A common pattern before bankruptcy is to run all your cards up to the limit, using cash advances and balance transfers to kite the payments until you can't keep the thing going, and then file. American Express is, quite sensibly, worried that more people will be doing this over the next few years. (And in a few of the comments, I detect a certain panic at the thought of having this option shut off).
By the time you are a cardholder for a while, American Express has only one piece of information about you: your payment history. But as the fine print on the financial statements always says, "Past performance no guarantee of future results"--especially in this environment. They don't know whether you've lost your job, or gotten divorced, or gotten into a nasty car accident. That's why they're mining the data; right now, the information asymmetry runs heavily in favor of the cardholder.
It is true that there will be false positives, and that some people will suffer a minor ding to their FICO score because their outstanding balance will now be an unsatisfactorily high percentage of their current credit limit. But this damage is easily rectified by paying down some of the balance. If you can't pay down your balance to below 50% of your credit limit, then you have no business borrowing any more money, which is the only reason this temporary decrease would hurt you.

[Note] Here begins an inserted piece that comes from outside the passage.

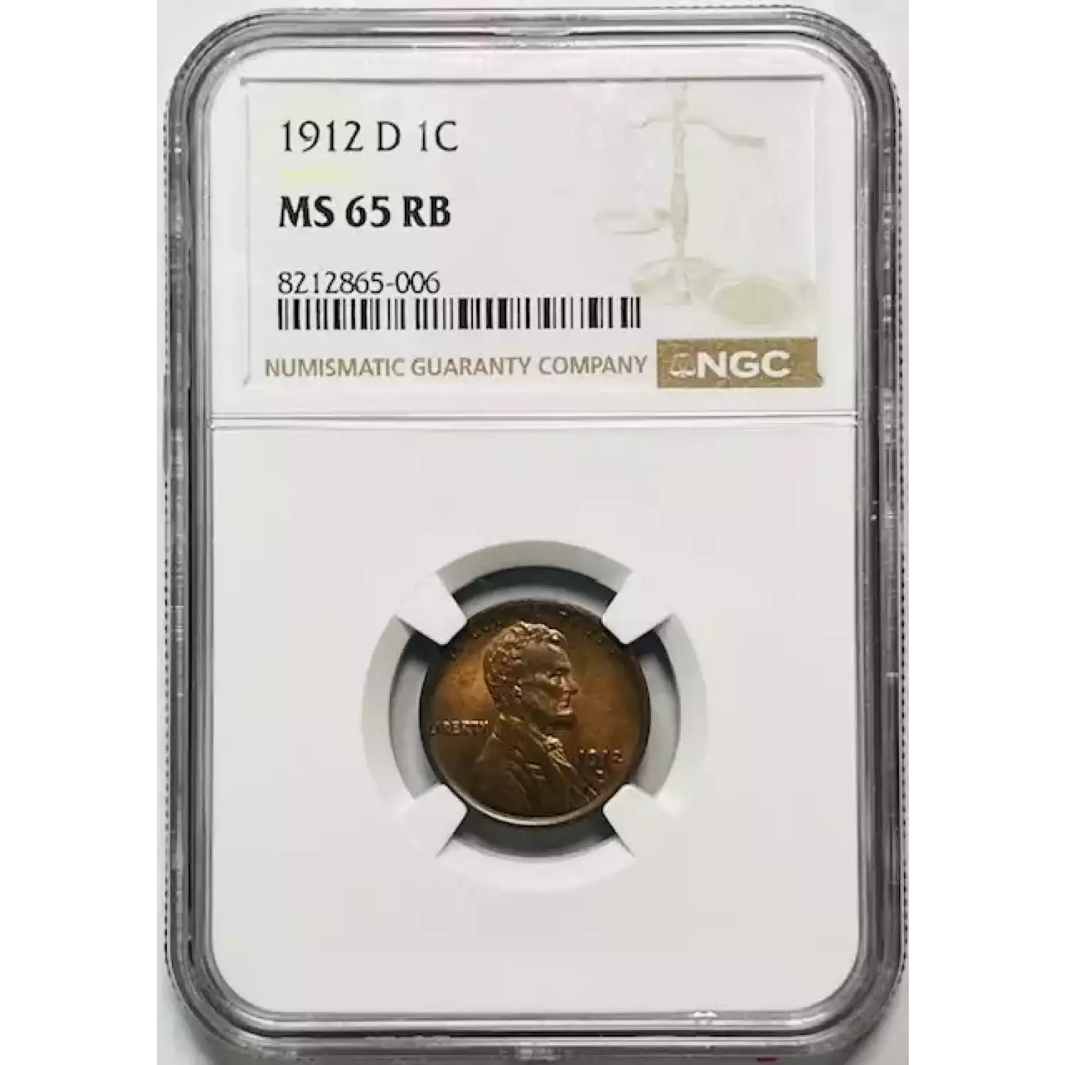 1912-D Small Cents Lincoln, Wheat Ears Reverse NGC MS-65 RB

There's also a hidden assumption that if American Express can't do this sort of data mining, they won't be able to reduce the credit limits of people who frequent divorce lawyers and Monster.com. But the credit card companies are well aware that they face massive exposure to losss on people using credit to ride out the downturn. If you deny them the ability to fine-tune their credit management, they will simply use blunter instruments, like cutting the credit limits of everyone below a certain income, or whose card is new, or whose job application listed a risky occupation like, er, journalist.